Hi there. I'm getting kernel panics, and I don't know why.
I have a 6 drive SCSI multipack connected to a LSI Logic / Symbios Logic 53c875
(using the ncrs driver). The box itself is an older Dell 1600SC with 1.GB RAM.
(32 bit xeon). The box, scsi card, and multipack have been rock solid for the
past 7 years.
I installed opensolaris 2008.05 (snv_86) and created a ZFS volume (raid 1+0)
across the 6 drives.
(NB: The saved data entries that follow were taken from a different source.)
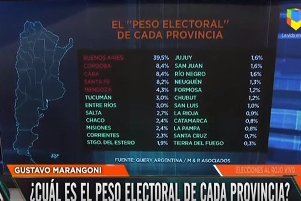 Luego indicó que a la cabeza del ranking de distritos con mayor peso electoral se encuentran Buenos Aires (39,5), Córdoba (8,4), Ciudad de Buenos Aires (8,4), Santa Fe (8,2%), y Mendoza (4,3%).
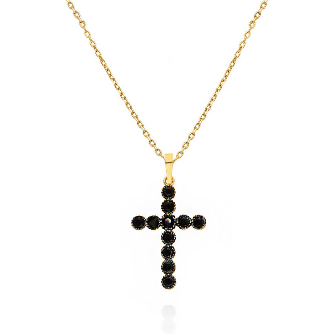 • Subtelna zawieszka do łańcuszka z motywem krzyżyka, zdobionego czarnymi cyrkoniami. Wykonana ze złota wysokiej próby 585 - 14 karatów.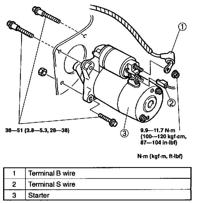 STARTER REMOVAL/INSTALLATIONWARNING: When the battery cables are connected, touching the vehicle body with starter terminal B will generate sparks. This can cause personal injury, fire, and damage to the electrical components. Always disconnect the battery before performing the following operation.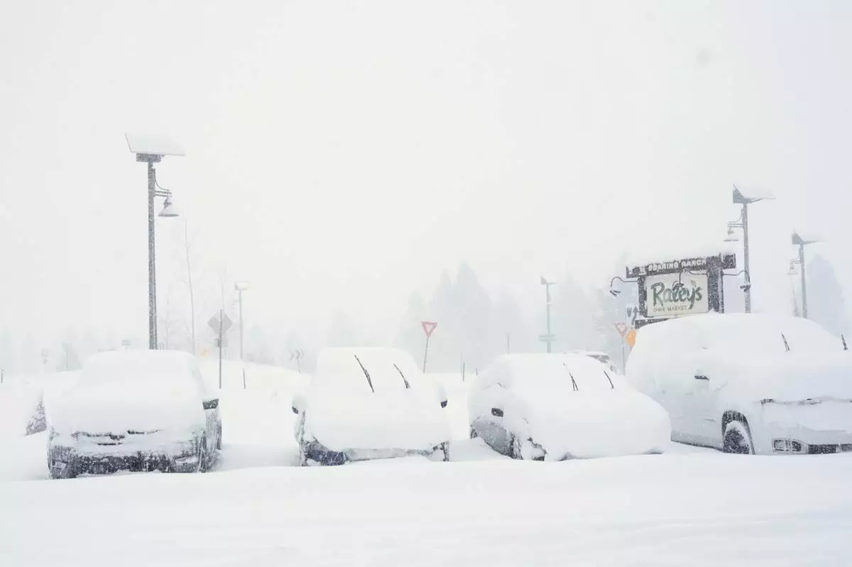Cars are covered in snow during a snow storm on Tuesday, Feb. 17, 2026 in Truckee Calif. (AP Photos/Brooke Hess-Homeier)

When I copy files across the network to the volume, the
machine will eventually (anywhere between 5 minutes and 2 hours) panic.
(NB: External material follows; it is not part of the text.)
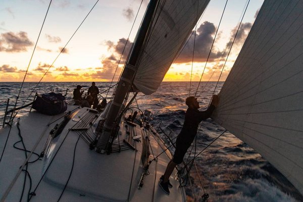 Noch immer ist unser direkter Gegner in Sichtweite voraus, als die Sonne an einem stahlblauen noch wolkenfreien Himmel aufgeht. Doch bald schon ist dieser wieder mit unzähligen Reihen kleiner Passatwolken überzogen. Das Wasser tiefblau, eine moderaten Welle von Luv, TWA 110 und den ganzen Tag Full Main, sowie double-blade mit JibTop und Staysail auf dem Bug, schieben wir mit 10-20° Heel durch‘s Wasser. Herrliches Segeln, aber grade eben nicht genug Wind, um der Class 40 die entscheidenden Meilen abzunehmen. Und auch die Gegner hinter uns sind noch gar nicht so weit weg. Also, nicht nur genießen, sondern weiter kämpfen. Allerdings sind die Bedingungen so konstant, daß keinerlei Segelwechsel anstehen. Nur konzentriertes Trimmen und Steuern. Gegen Mittag erreicht uns dann allerdings der erste richtige Squall, der JibTop wird kurz eingerollt, die Crew genießt die ersten Regentropfen.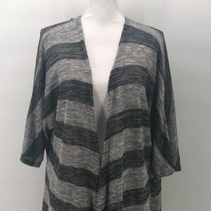 Gray horizontal striped open front cardigan from Lularoe. Gently used condition. Size Medium.

Interestingly, I have the same model card, another SCSI disk pack, and another
machine (PowerEdge SC440, core2 duo). On this box, I'm also running
opensolaris 2008.05. I get identical panics, whether using the 64 bit (glm?)
driver or the 32 bit ncrs driver.
I upgraded the Dell 1600SC to snv_91 in the hope that the problem would
magically go away. It didn't :-(
I added "set kmem_flags=0xf" to /etc/system & here's the most recent panic:
Jun 26 21:31:03 barcelona genunix: [ID 478202 kern.notice] kernel memory
allocator:
Jun 26 21:31:03 barcelona genunix: [ID 432124 kern.notice] buffer freed to
wrong cache
Jun 26 21:31:03 barcelona genunix: [ID 815666 kern.notice] buffer was allocated
from kmem_alloc_320,
Jun 26 21:31:03 barcelona genunix: [ID 530907 kern.notice] caller attempting
free to kmem_alloc_8.
Jun 26 21:31:03 barcelona genunix: [ID 563406 kern.notice] buffer=e52c7400
bufctl=e5279200 cache: kmem_alloc_8
Jun 26 21:31:03 barcelona genunix: [ID 341866 kern.notice] previous transaction
on buffer e52c7400:
Jun 26 21:31:03 barcelona genunix: [ID 991227 kern.notice] thread=e12e7ce0
time=T-0.013422618 slab=e509c088 cache: k
mem_alloc_320
Jun 26 21:31:03 barcelona genunix: [ID 851371 kern.notice]
kmem_cache_alloc_debug+258
Jun 26 21:31:03 barcelona genunix: [ID 851371 kern.notice] kmem_cache_alloc+8d
Jun 26 21:31:03 barcelona genunix: [ID 851371 kern.notice] kmem_zalloc+4b
Jun 26 21:31:03 barcelona genunix: [ID 851371 kern.notice]
glm_pkt_alloc_extern+83
Jun 26 21:31:03 barcelona genunix: [ID 851371 kern.notice] glm_scsi_init_pkt+129
Jun 26 21:31:03 barcelona genunix: [ID 851371 kern.notice] scsi_init_pkt+48
Jun 26 21:31:03 barcelona genunix: [ID 851371 kern.notice]
sd_initpkt_for_uscsi+9e
Jun 26 21:31:03 barcelona genunix: [ID 851371 kern.notice] sd_start_cmds+15f
Jun 26 21:31:03 barcelona genunix: [ID 851371 kern.notice] sd_core_iostart+158
Jun 26 21:31:03 barcelona genunix: [ID 851371 kern.notice] sd_uscsi_strategy+108
Jun 26 21:31:03 barcelona genunix: [ID 851371 kern.notice] default_physio+31b
Jun 26 21:31:03 barcelona genunix: [ID 851371 kern.notice] physio+1d
Jun 26 21:31:03 barcelona genunix: [ID 851371 kern.notice]
scsi_uscsi_handle_cmd+16d
Jun 26 21:31:03 barcelona genunix: [ID 851371 kern.notice] sd_send_scsi_cmd+13f
Jun 26 21:31:03 barcelona genunix: [ID 851371 kern.notice] sdioctl+c86
Jun 26 21:31:03 barcelona unix: [ID 836849 kern.notice]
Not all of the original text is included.